Beyond the HFpEF pathology, it is expected that the integrative methods developed during this project will translate to other cardiovascular conditions and will also be relevant to several MRI radiogenomics studies, such as those involving hepatocellular carcinoma.

Feasibility

The study protocol for this HFpEF project is highly feasible, supported by the multidisciplinary expertise of four main investigators and several project partners, each contributing complementary skills to manage the protocol’s complexity. Ruud van Heeswijk leads a radiology-embedded engineering team at CHUV, ensuring access to advanced MRI technology, secure data storage, and computational resources. Jonas Richiardi heads the translational machine learning lab, specializing in medical imaging techniques. Roger Hullin and Philippe Meyer lead the Heart Failure Units at CHUV and HUG, respectively, overseeing nearly 1,000 HFpEF patient cases each year. Each investigator directs one of three Work Packages: van Heeswijk (MRI), Richiardi (machine learning), and Hullin and Meyer (clinical study). Defined roles and collaborative structures across teams ensure effective data handling, patient recruitment, and ethical compliance, with research nurses in Hullin’s and Meyer’s units managing recruitment and follow-up. In addition, project partners provide required expertise, for example in statistical genetics (Zoltan Kutalik and team), metabolomics (Aurélien Thomas and team), transcriptomics (Julien Marquis and team), advanced cardiac MRI (Matthias Stuber and team), clinical thoracic and abdominal imaging (Jean-Paul Vallée and team), and 4D flow (Jean-François Deux). The project is also supported by the Clinical Trial Unit at CHUV, ensuring methodological rigor and regulatory compliance. This well-integrated approach provides the necessary capabilities to address the complexities of HFpEF phenotyping and ensures the feasibility of recruitment, data acquisition, and analysis.

Strengths and Limitation

As an observational study, our work is limited by its inability to establish causal relationships between identified HFpEF subtypes and outcomes. Additionally, for resource and logistical reasons, follow-up is limited to one year and potential medium- and longer-term outcomes will not be observed.
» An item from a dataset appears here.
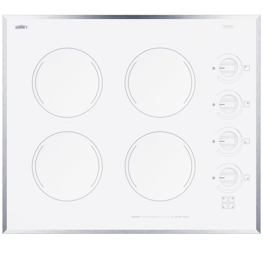 SUMMIT introduces a new series of smooth-top electric cooktops sized for 24" wide kitchen counter spaces, all made in the USA with the industry's best elements. The CR424WH is a 220V cooktop featuring four 1200W burners made by E.G.O. in Germany. The smooth white ceramic glass surface is constructed from Schott Ceran for long-lasting durability, easy cleanup, and sleek kitchen style. An elegant trim in 304 grade stainless steel completes the look. Sized for 24" wide countertop spaces, the CR424WH fits many common cutout sizes. This unit is also available in a black glass finish (see the CR424BL).
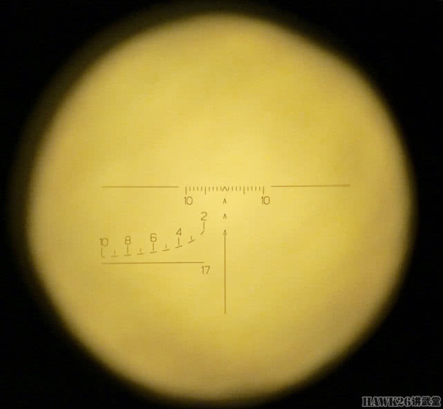 瞄准镜分划板就是这样的,并没有常见的十字线,而是用倒V标识瞄准点。垂直方向有四个瞄准点,当弹道补偿设在1000米时,最上方的倒V形标明的是1000米的瞄准点,下面三个瞄准点分别对应1100米、1200米、1300米。左侧的弧形是简易测距标线,下面的17表示对应1.7米的站立目标。将这个测距标线对准站立的目标,其高度符合哪个标线位置,则上方就是目标距离。

Our inclusion and exclusion criteria may limit the representativity of the sample, in particular with respect to comorbidities, which may be more prevalent in the general HFpEF population than in our sample. Likewise, while the study is already multi-centric, its focus on western Switzerland limits the representativity of our sample on a wider geographical scale.

The reliance on advanced imaging and molecular techniques may limit reproducibility in settings without similar resources, and the complexity of data analysis may pose challenges for real-time clinical application.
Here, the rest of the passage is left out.